More sophisticated than previously thought

Feb 27, 2008 14:37 GMT  ·  By

Only three groups of animals really fly today: insects, birds and bats. Flight requires the use of organs called wings, but their structure and functioning differ enormously from one group to another. Anyhow, all flying animals are heavier than the air and only the wings movement and the use of air currents keep them flying.

Still, flying animals have relatively lighter bodies. The insect body is crossed by a network of thin respiratory canals called tracheae, which lighten their bodies (like the air sacs and pneumatic bones of the birds).

Insects had been flying 150 million years before the first birds did, and they are the only winged invertebrates. The first flying insects could not bend their wings over their abdomen, as present-days dragonflies do.

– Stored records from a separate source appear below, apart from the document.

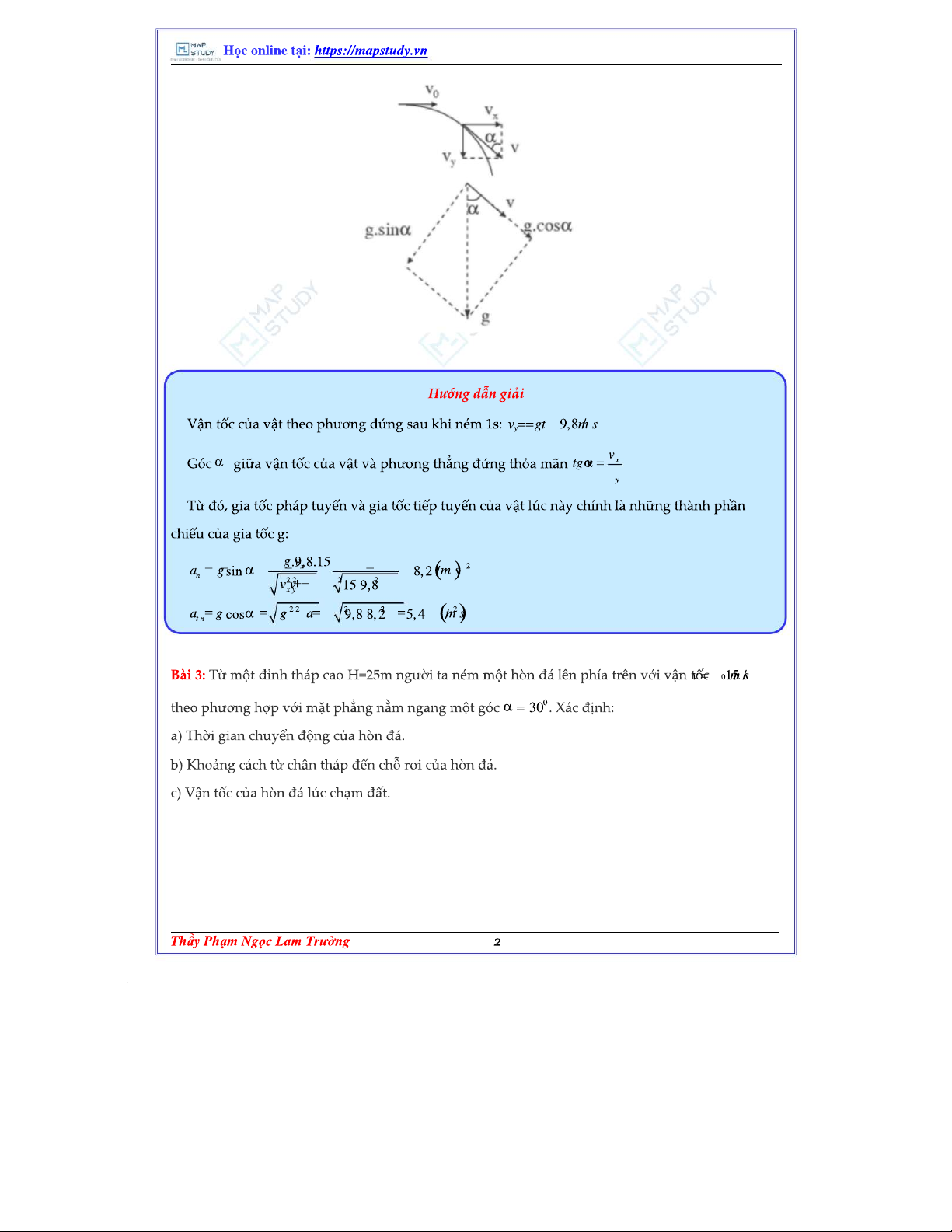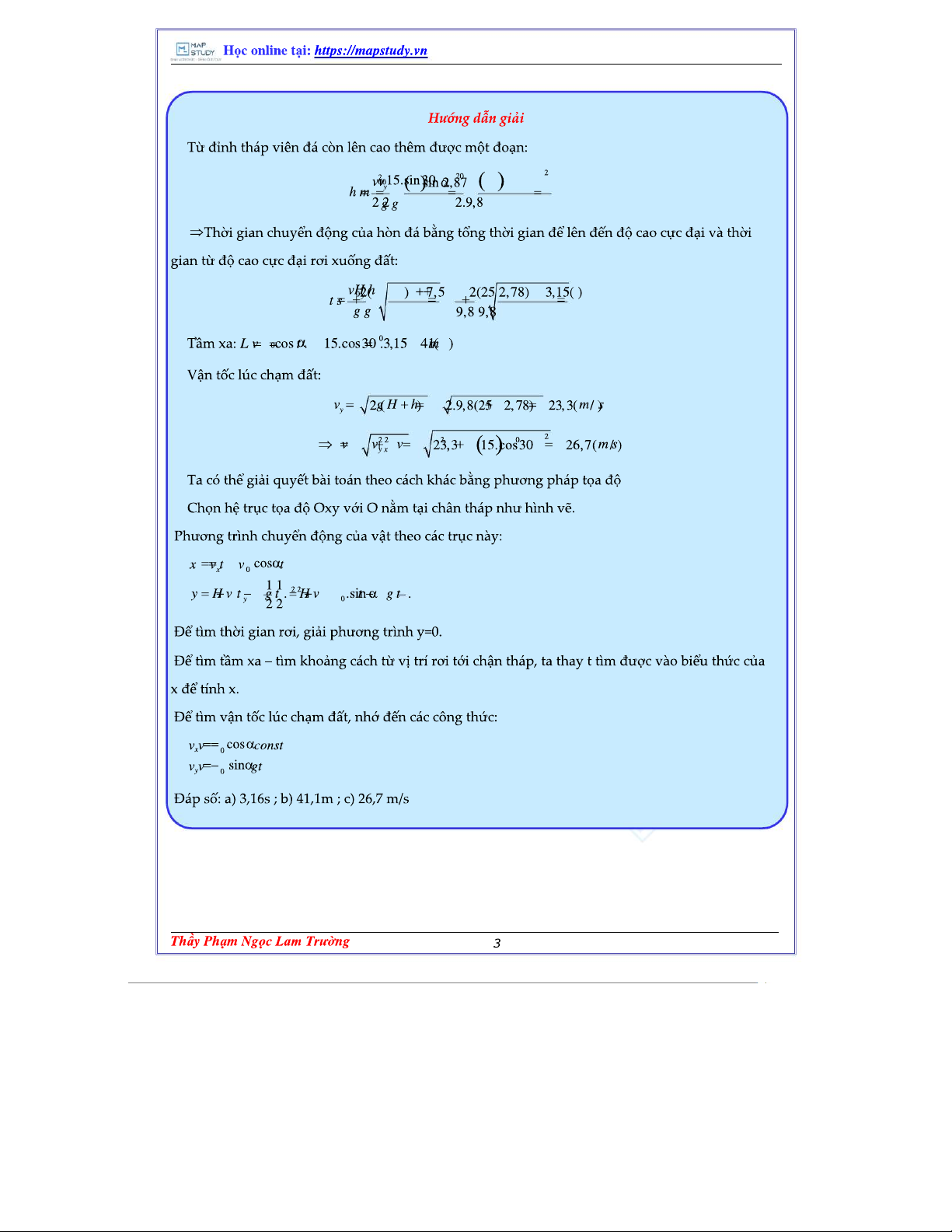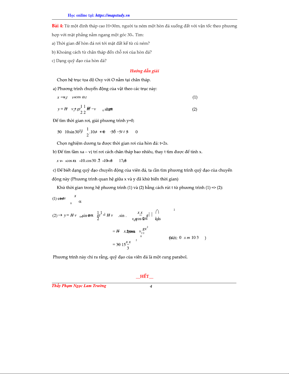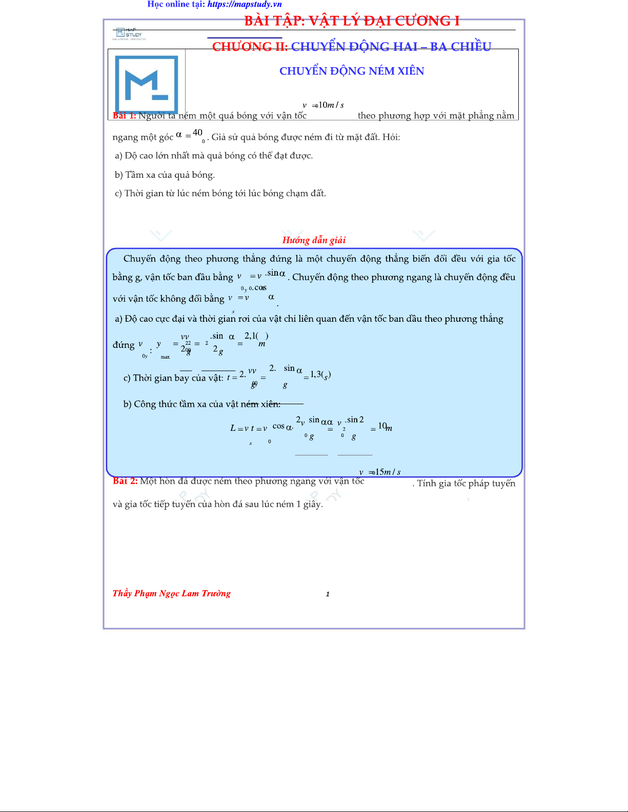 0203 - Bài Tập Vật Lý: Chuyển Động Ném Xiên (Lời Giải + Đáp Án)
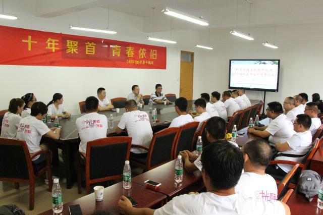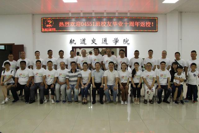 2018年6月9日上午,明志楼304教室里欢声笑语,轨道交通学院路桥施工技术/工程机械专业04551班校友相约回到母校,举行毕业十年同学聚会,追寻往日美好,畅叙昔日友情。轨道交通学院米永胜院长、人文艺术系党总支戴广东副书记、学院周昊明老师、王克俭老师参加了活动。
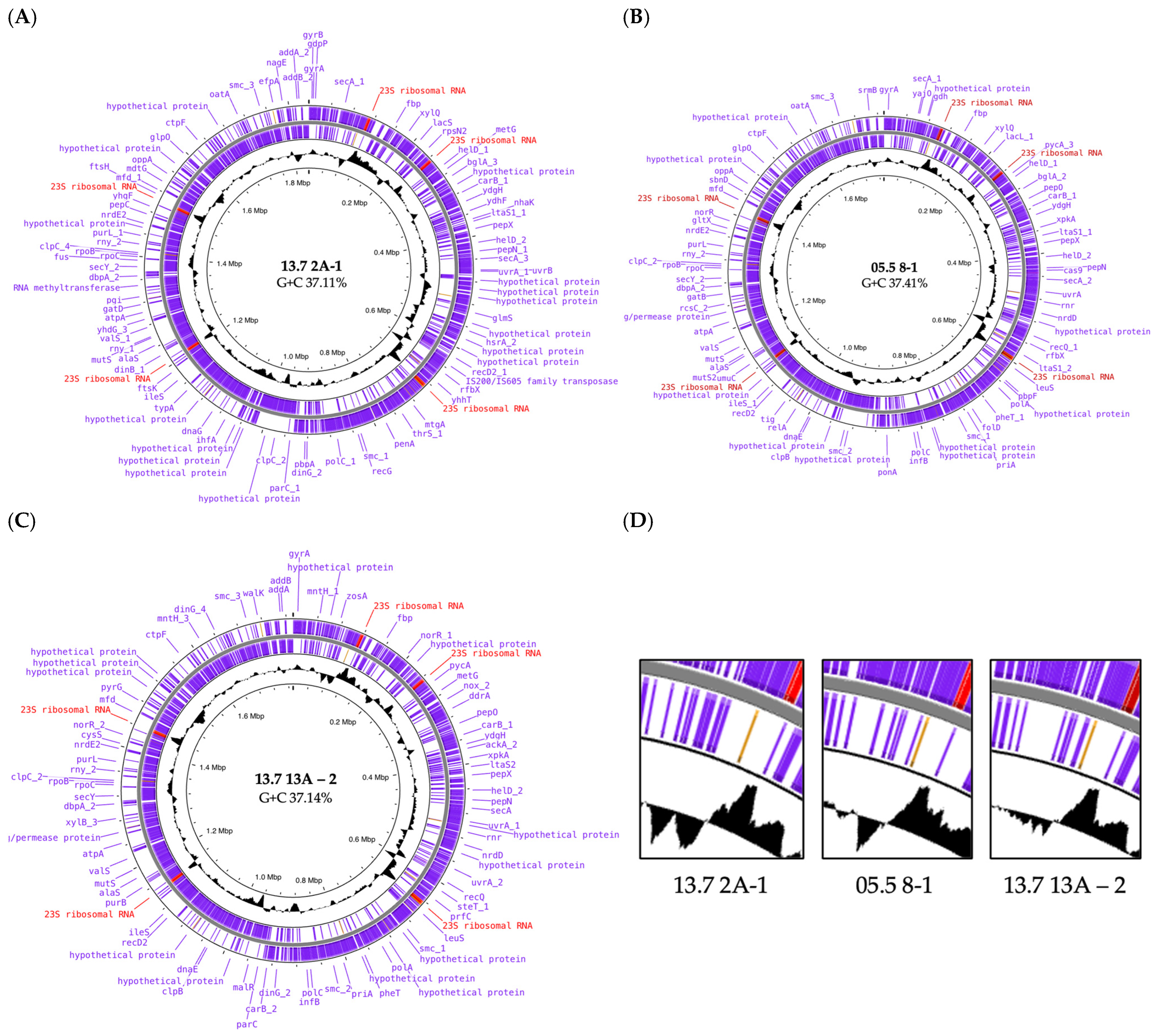 - Grant, J.R.; Enns, E.; Marinier, E.; Mandal, A.; Herman, E.K.; Chen, C.; Graham, M.; Van Domselaar, G.; Stothard, P. Proksee: In-Depth Characterization and Visualization of Bacterial Genomes. Nucleic Acids Res. 2023, 51, W484–W492. [Google Scholar] [CrossRef]
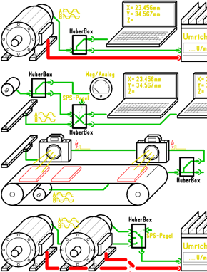 Meßsystemumschalter, Meßsystemabzweig, Pegelwandler, Kabeltreiber, Rechteckform- Oft bezogen auf Heidenhain-Produkte, werden Systemlösungen zusammengestellt , Geräte abgeändert oder deren Funktion erweitert. Die Signalspuren von inkrementellen Drehgebern und absoluten Meßsystemen werden je nach Gerät dabei quasi durchgeschleift, abgezweigt oder nach Anforderung mit SPS-Pegel umgeschaltet. Ob aufschnappbar auf Hut-Schiene, Platinen- Version oder als Alu-Druckgußgehäuse, sind besagte HuberBoxen Zulieferteil für den Anlagenbau aber auch Einzelstück fürs Labor. Standartgeräte bzw. bereits geliefertes, sind unter Produkte als Scan/pdf einzusehen. |
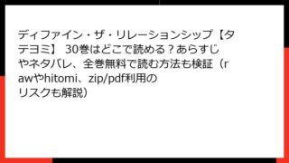 BLマンガ ディファイン・ザ・リレーションシップ【タテヨミ】 30巻はどこで読める?あらすじやネタバレ、全巻無料で読む方法も検証(rawやhitomi、zip/pdf利用のリスクも解説)
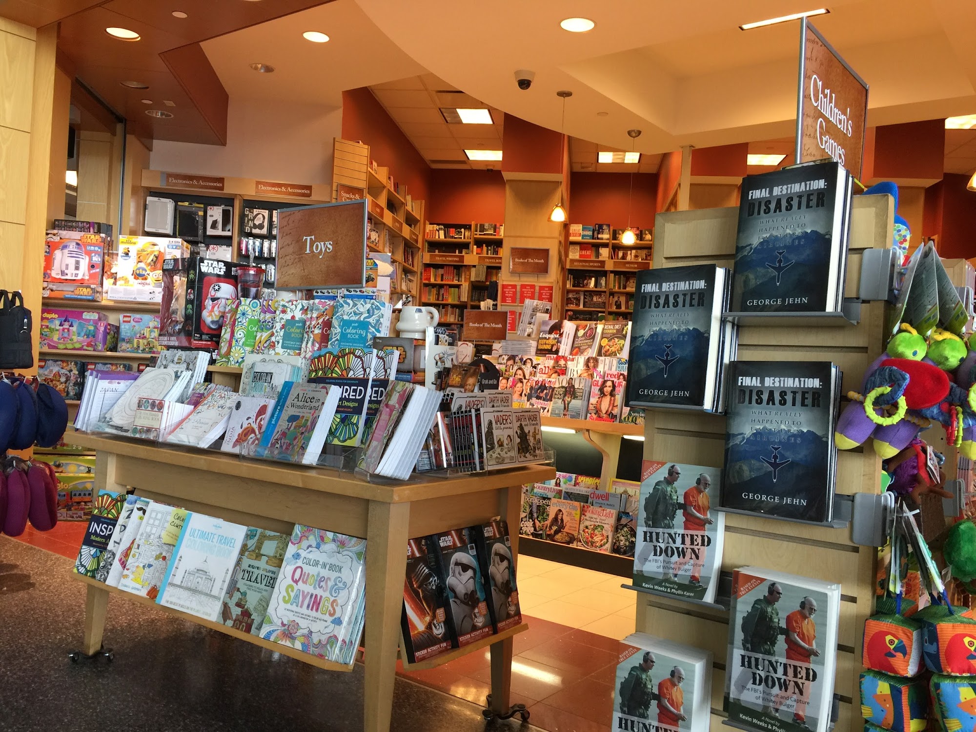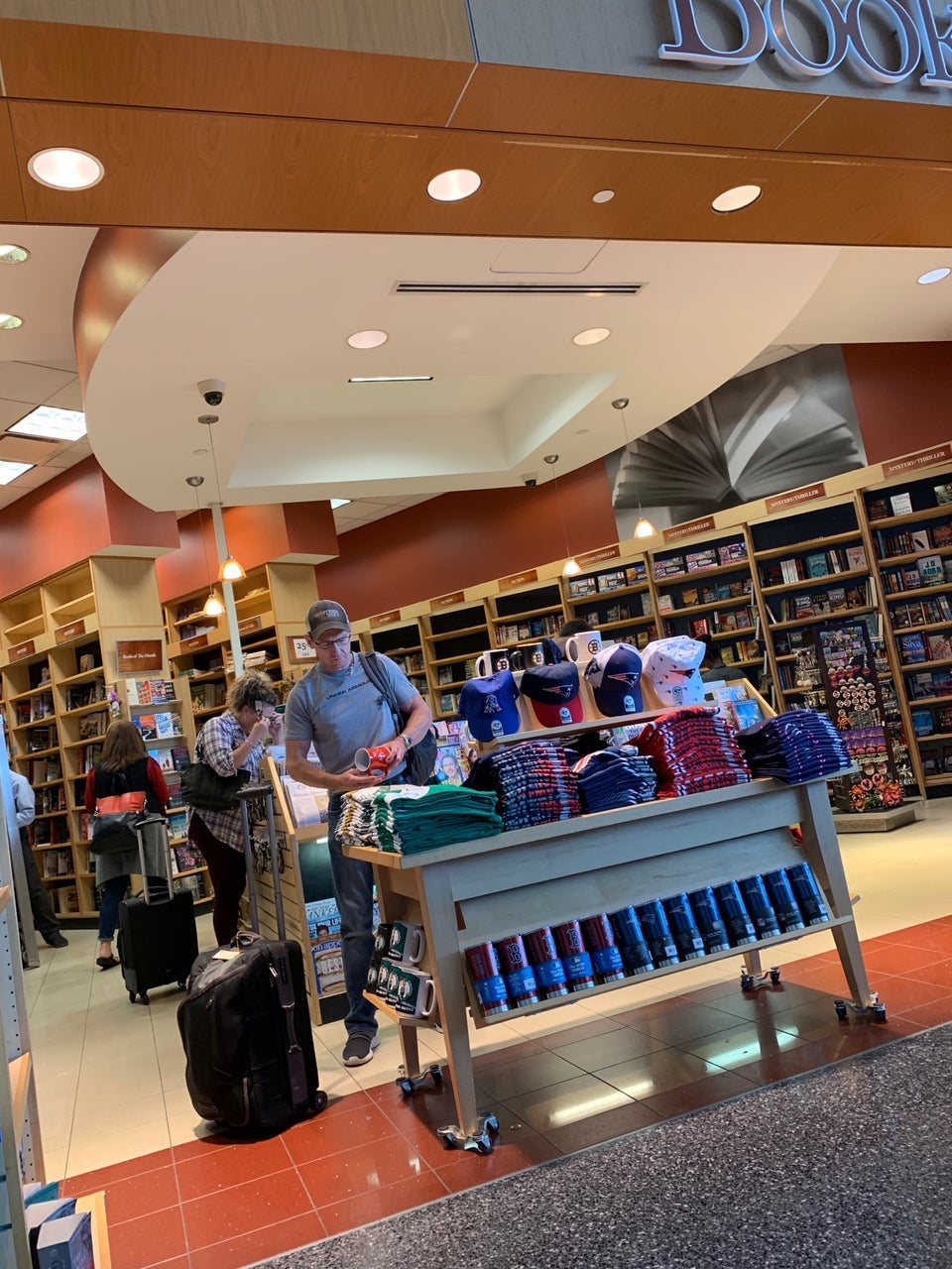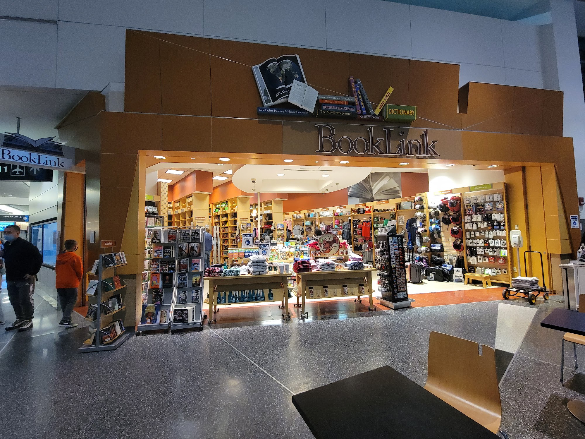 Lovely place to sit. Shop had electronics, some snacks and nice selection of books. A little oasis in terminal A
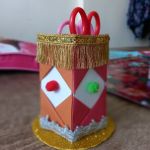 Вчера во Дворце культуры «Россия» состоялся мастер-класс для участников творческого объединения «Дорога к счастью». Ребята учились делать органайзер — оригами для канцелярских принадлежностей. Украшали работу стразами, бусинками и кружевными лентами. В работе были использована цветная бумага и картон.
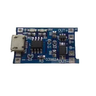 TP4056鋰電池充電與保護一體板1A 充電+保護 2合1 18650 電源模組 產品特點: ★ 本模組使用非常成熟的充電晶片TP4056,週邊電路簡單,保護性能好,充電精度高。 ★ 本模組完全機械自動化加工,全貼片零件製造,每個模組出貨之前都會測試,可靠性高。 ★ 本模組電流可自行調節,只要更改電路板中的固定電阻,就能更改輸出致100mA-1000mA,非常方便。
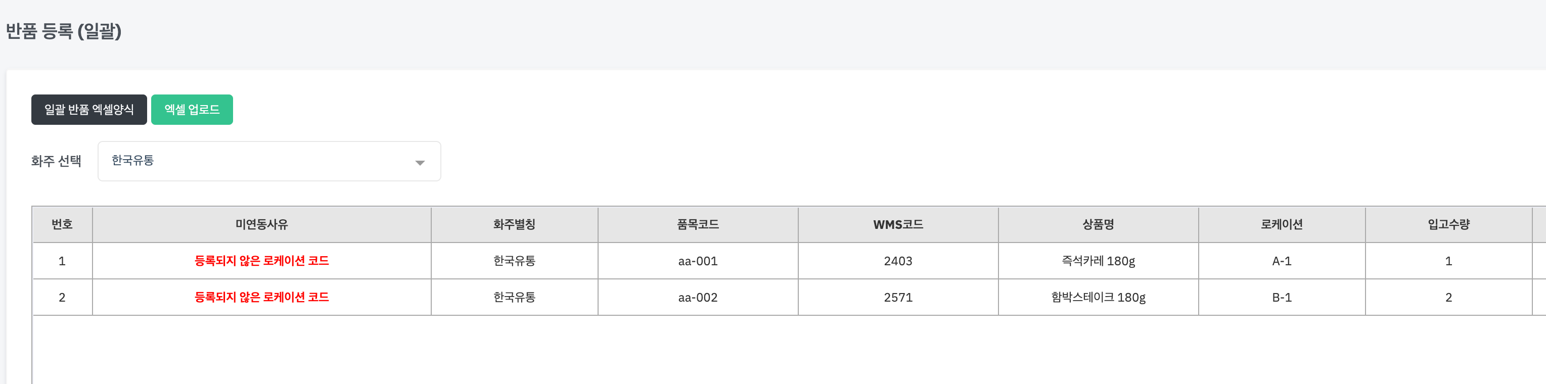 화주별칭, 품목코드, 로케이션, 입고수량, 상품 유통타입에 따른 LOT날짜(0000-00-00) 등 필수 항목을 정확히 입력해야 합니다.
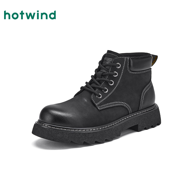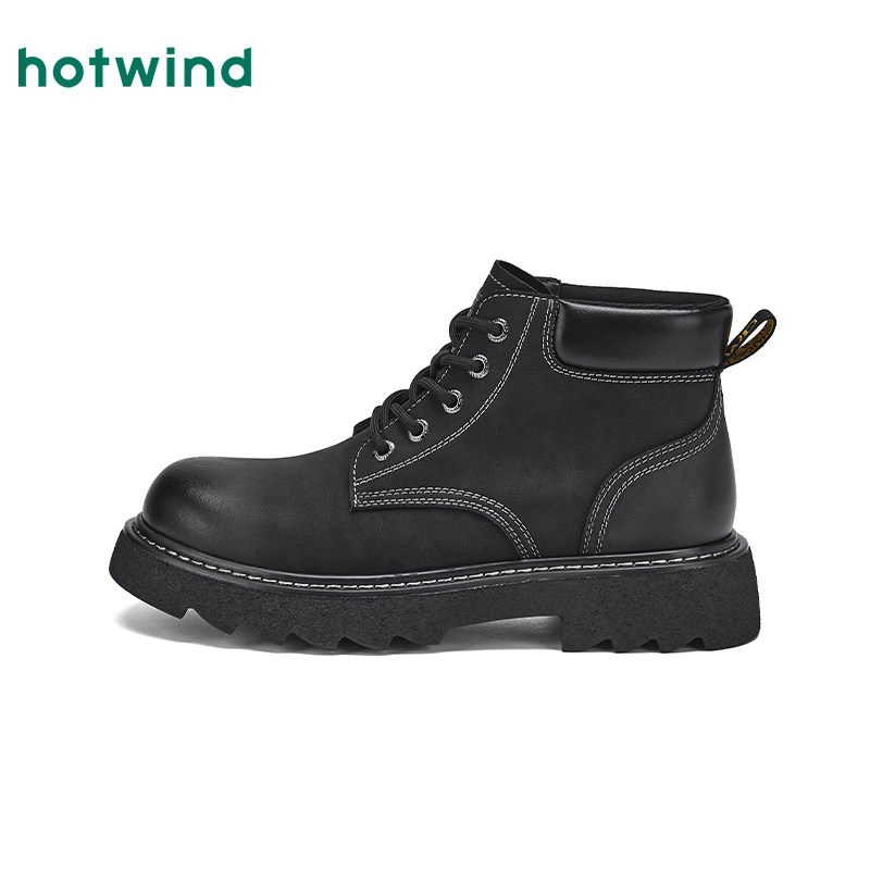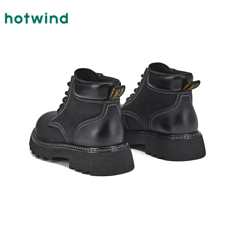 热风男鞋2025冬季新款男士时尚靴子休闲户外马丁靴登山厚底短筒靴
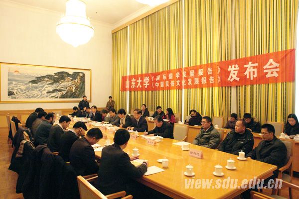 [本站讯]12月26日,由山东大学承担并完成的教育部项目《国际儒学发展报告》、《中国民俗文化发展报告》2012年度报告发布会在济南南郊宾馆举行。国务院国学研究中心副主任李文亮、文化部民族民间文艺发展中心主任李松、山东省政协副主席王志民、国际儒学联合会秘书长牛喜平、中国孔子基金会秘书长王大千出席发布会并致辞。发布会由山东大学副校长陈炎主持。
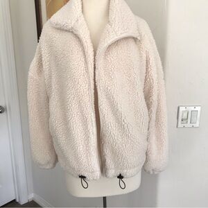 So soft and warm. This adorable set includes zippered jacket and tie waist joggers.
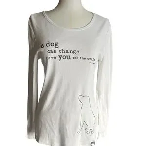 Dog is good long sleeve T shirt See measurements below for sizing. Cute shirt!
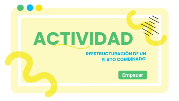 Piensa y selecciona un plato combinado que ya conozcas y reestructúralo para darle una nueva perspectiva creativa, ya sea a través de una nueva visión en la selección de productos, elaboraciones, composición en el emplatado, etc.
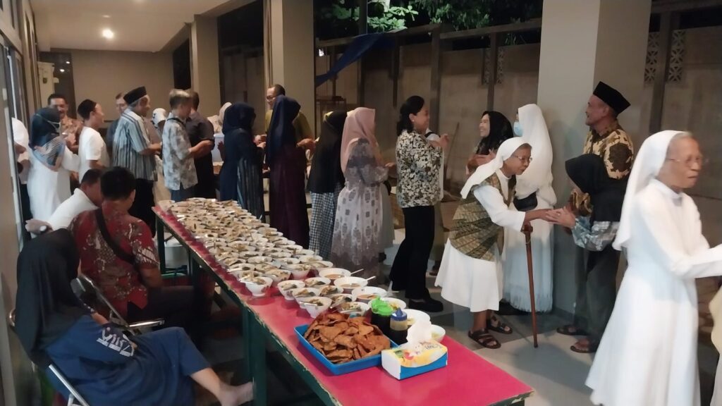 Halal bi halal di kompleks gereja? Itulah yang terjadi di Gereja Santa Theresia Bongsari. Hari itu, Sabtu (27/4/24), Pengurus RW 09 Kelurahan Bojongsalaman Semarang ‘nganyari’ Gedung Pelayanan Pastoral Gereja Bongsari untuk acara halal bi halal.

In butterflies, the wings are covered by colored scales. The most primitive insects do not have wings at all (the group named Apterygota). In the case of the winged insects (Pterygota), wings can be detained only by one sex (male fireflies are winged, females not), or some castes (in termite and ants, only sexually active males and females have wings, while workers are wingless).

In cool weather, insects must raise their body temperature for taking off, in most cases using sun heat. Scorpionflies (Panorpa) raise their body temperature to 25o C before flying. The moth called Celerio euphorbiae can raise its body temperature by means of muscular contractions, to 30-40o C before taking off. This creature is also one of the rapidest flying insects. The emperor moth (Saturnia pavonia) raises its body temperature to 20o C before flying.

Mosquitoes can fly with the abdomen upwards even in the rain, without getting soaked, by slipping between the rain drops. Dragonflies can fly backwards (the hummingbirds are the only species that can do this, too).

Some tropical wasps and bees can reach 72 km (45 mi) per hour in flight, while locusts and dragonflies, 45-60 km (29-37 mi) per hour. The monarch butterfly of North America makes migrations 3,200 km (2,000 mi) long.

Insects have two pairs of wings, but, in many cases, just one serves for flight. The insect wing is made of a membrane swept by numerous thickened ribs. Because of the ribs, the wing does not fold during the flight. In beetles and bugs, the anterior wings, resembling a crust, are called elytra and they do not beat the air, being just protective. Mosquitoes and flies have just one pair of wings (not two), the second being turned into two organs that detect altitude and acceleration, allowing the insect to adapt permanently to the flight's parameters.

The cabbage white butterfly (Pieris) has a wing rhythm of 5-10 beats per second, the hawker dragonflies have a rhythm of 20-30 beats per second, the bumblebee (Bombus) of 123-233, the house fly (Musca), 147-220, and the honey bee (Apis) of 240-260. Midges (Chironomus) have a rhythm of 196-494. Some flies can beat their wings over 1,000 times per second, more rapidly than a hummingbird.

Mosquitoes can fly 1.5-2.5 km (0.9-1.6 mi)/h at most 5 minutes at once, with a wing rhythm of 250 beats/second. This rhythm determines their buzz and they would like not to generate it; otherwise their presence would be undetectable until they bite. Mosquitoes can execute various aerial stunts, like turns, loopings, forced landings, dives.

The rapid movement of the wings in insects was found to be based on a very rapid break down of the glycogen ("animal starch") from the muscles into the glucose which delivers the required energy through its burning.

A bee collecting nectar at a distance of 3 km (1.8 mi) off the hive spends 0.00035 g of glucose with its flight. Instead, it collects 0.004 g of glucose with the nectar (about 0.02 g).